Lidar com o vazio existencial, por mais que a gente tenha grana, um bom trabalho, amor, saúde, por vezes, não é fácil. Pode parecer cruel afirmar isso diante de tantas faltas cruéis no mundo. Mas é a mais pura verdade. O ser humano é repleto de angústias. E as angústias, penso eu, devem ter alguma razão de existir. Às vezes, as leio como flechas que apontam direções. Às vezes, talvez, as angústias não tenham sentido algum. A verdade é que sou uma pessoa que gosta de dar sentido às coisas. Mais uma estratégia produtiva da minha parte para lidar com o que não é fácil.
Milenarmente, criamos mitos, religiões, narrativas para explicar o que não tem tanta explicação. Algumas vezes, até encontramos algum sentido. Noutras, são apenas tentativas. Não por acaso, saímos inventando o que fazer sem parar. Novas casas, novos caminhos, novos projetos, filhos, toda uma ideia de futuro a ser conquistada. Porém, não cortar nossos defeitos, não ser flat (estável) diante de nossas angústias, na real, pode ser o mais produtivo em alguns momentos. Acho bizarro sermos, cada vez mais, uma sociedade extremamente medicada para não lidar. Não que, por vezes, não seja necessário. Mas penso que estamos ultrapassando limites.
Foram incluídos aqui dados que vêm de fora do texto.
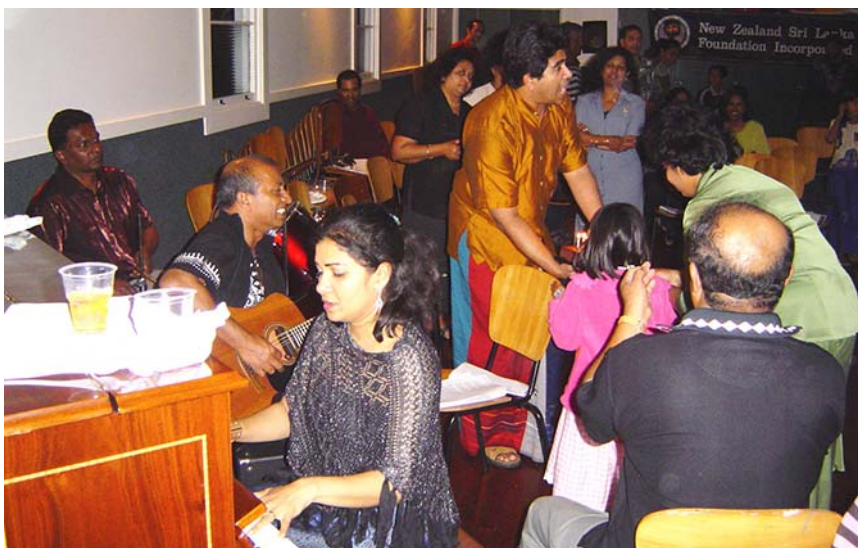
The New Zealand Sri Lanka Foundation celebrated the second member's night on the 12 th November 2005.

Como escritora, acredito que um dos meus papéis é mergulhar nessas trevas densas escorpianas do mistério da morte e vida e contar desses caminhos. Às vezes, até podemos fazer x, y ou z para ter mais bem-estar, para transmutar. Noutras, tudo que iremos precisar é nada fazer. Te garanto: tenho tentado e é muito mais, infinitamente mais, difícil. Como já fiz muita merda comigo mesma fazendo coisas para não lidar, agora, quando consigo, tenho tentado menos fazer. Só sentir todos os incômodos. Abraçar as minhas angústias, minhas vulnerabilidades, meus vazios.
Não fugir, não inventar um novo caminho, um novo projeto, uma nova paixão, não tentar (me) controlar, dá muito mais trabalho. Quando percebo, estou fugindo, inventando, me controlando, me criticando por não fazer. Mas, a gente precisa se manter de pé, né?! Fazer, criar, pode ser um dos pilares de meu edifício. Porém, já causei alguns incêndios aqui dentro com tanta ação. Mesmo assim, ele segue de pé.
Se de fora, ao olhar para o outro, vemos um mar calmo ou agitado, nunca vamos ter noção da vida e das correntezas que habitam aquele interior. Julgar, determinar o que devia ser, é sempre mais fácil. Amar quem somos do jeito que somos, amar o outro do jeito que ele é, sem dúvidas, é o mais difícil. Em mim habita ódio e muito mais amor. A verdade é que todos nós estamos à beira do precipício. Olhar para o precipício, confiar no que se é a cada momento, não forjar perfeição, odiar, amar, não com a mesma intensidade porque nossa capacidade de amar é muito maior, pode, talvez - olha eu mais uma vez querendo dar sentido - fazer a gente se sustentar melhor.
Seguir e ser, se transformar devagarinho ao sabor do vento, por nós mesmas, não por uma imagem projetada ou por um ideal do outro, talvez faça mais sentido do que seguir qualquer fotografia de perfeição. A vida, em alguns momentos, já se mostra demasiadamente pesada. A gente não deveria pesar tão mais sobre nós mesmas. Honrar quem somos também é fundamental. Mas, pesar sobre o que somos é o que, por vezes, conseguimos. E pode ser que tenha muitos sentidos nisso também. Só precisamos ter certos cuidados, certas medidas nesses nossos atos. Aceitar é o mais difícil e o mais fácil.